Thirty Things, Number 15: Go to Lates at the Science Museum.



A while ago, I was roped into handing out leaflets outside the Science Museum as apparently a lot of people gather there for the late opening session. It turned out to be true. On the last Wednesday of the month a lot of twenty and thirty somethings gather at the museum and form a very long and orderly line - it stretches back to the Natural History Museum, but there is no pushing in happening. It was odd to see a bunch of adults queuing to get into a museum. So I thought to myself I’d come back some time and check it out. I even put it on my list of things to do.


Last night, in the company of two wonderful ladies, Cathryn and Amelia, I went back to check out the museum. I arrived at South Kensington station a few minutes before 6:30, alighted there for the museums, as the cheery voice over on the tube suggests, then walked down the pedestrian tunnel underneath exhibition road, past the familiar doors of the V&A, all the way to the end, and came out at the Science Museum. I then walked back down Exhibition Road to the back on the line. The grown-ups only session begins at 6:45 and by the time we were there people must have been queuing for some time. I stood with my gloved hands in my pockets, wondering what I would actually do or see in the museum. Amelia grabbed a brochure which suggested going to the Launchpad, as we might remember it from when we were nine, and now we could go back and experience it again. Given that when I was nine I was in Sydney, I didn’t remember the hands on gallery of this museum, but I knew the concept. Amelia was excited. She remembered it.

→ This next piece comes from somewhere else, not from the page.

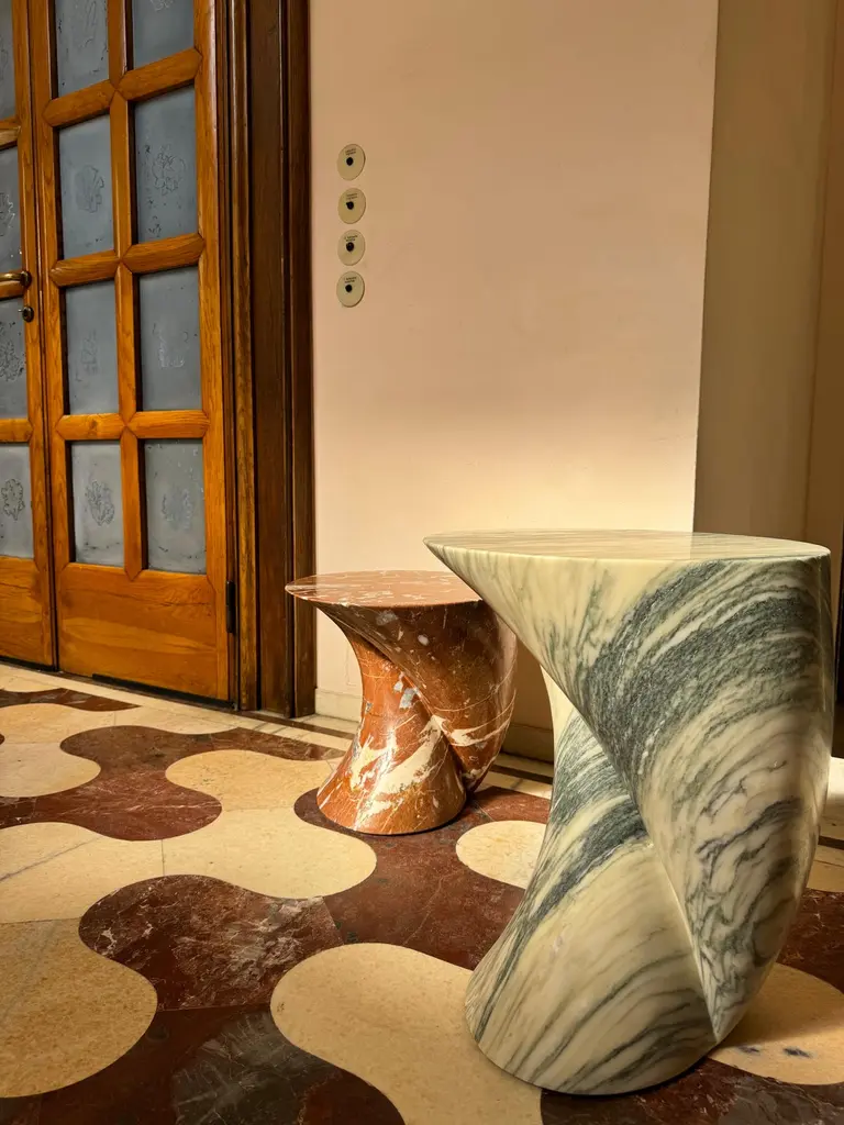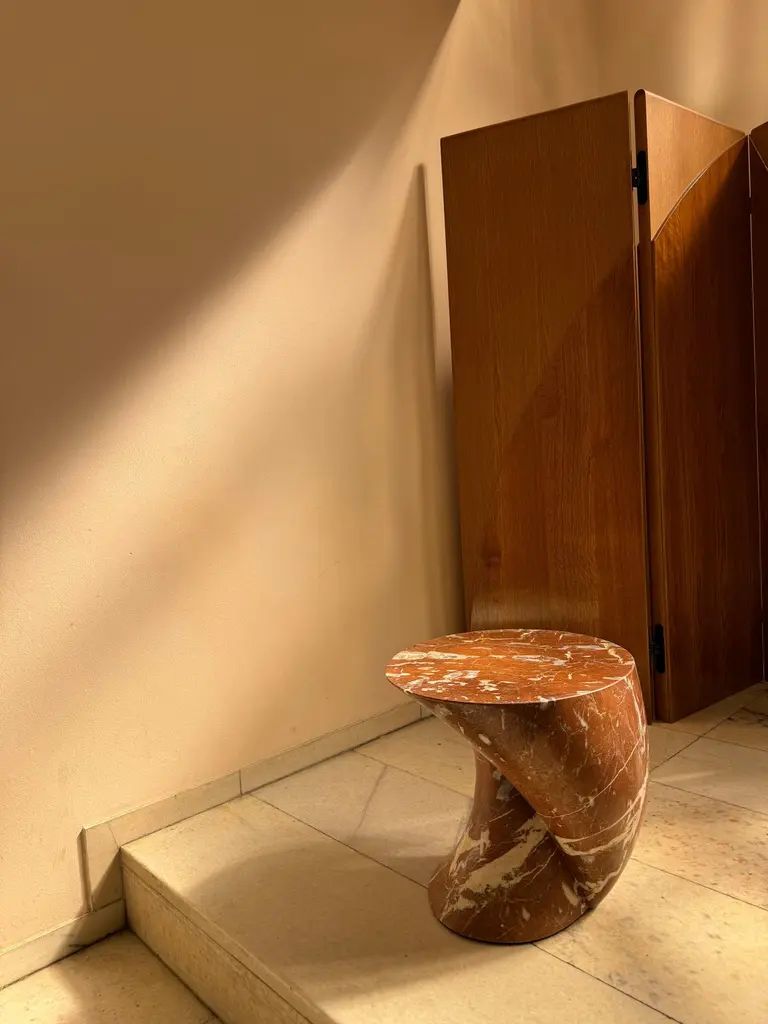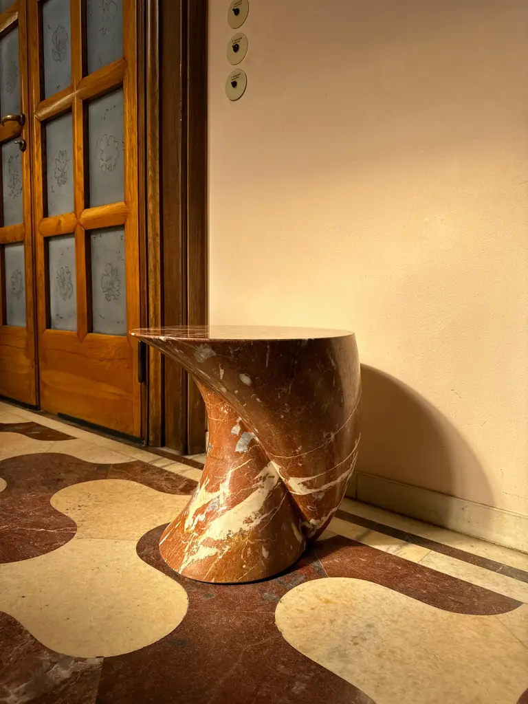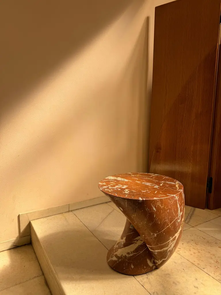 Small Departed Marble Side Table by Studio TOOJDesigned by Johan WilénDimensions: D 41 x H 40 cm.Materials: Soft-honed Rosso Francia marble.Introducing "DEPARTED" by Johan Wilén, a side table that embodies timeless elegance and understated sophistication. Crafted from exquisite marble and designed with Johan Wilén's signature style, it boasts simple yet striking lines that elevate any space with effortless grace. Hand-finished by skilled artisans in Italy, each table is meticulously crafted to perfection, showcasing the soft honed finish that accentuates the natural beauty of the stone. Available in various dimensions and customizable with a choice of stones.Founded in Stockholm, at Studio TOOJ, we are captivated by the allure of restrained beauty. The designers we proudly represent have a common denominator: quietly sophisticated, with a loud obsession with nuanced layers of details. With a commitment to sustainability and ethical production methods, we are here to bring you pieces that are not only beautifully crafted but also built to last.

So once we progressed through the line, we headed inside, bought ourselves a glass or two of wine and made our way up through the museum to the Launchpad looking at various exhibits on the way.


We had a look at iron lungs, and skin cells, and strange mathematical polyhedra things from the 18th century that we couldn’t find out anything about. There was a stunning display of old microscopes, telescopes and other bits and piece of scientific paraphernalia. We read about open lectures during the Victorian Era and looked at models of DNA. I was struck by just how much information we humans are gathering and by how much we, as a general population, know now, or have access to, yet how little I am aware of. There is an awful lot of learning, researching and experimenting going on.

And then we got to the Launchpad and I got to pretend I was a kid and it was pretty awesome. We had way too much fun. Truly. I haven’t felt like such a child in a long time, and it was ridiculously fun.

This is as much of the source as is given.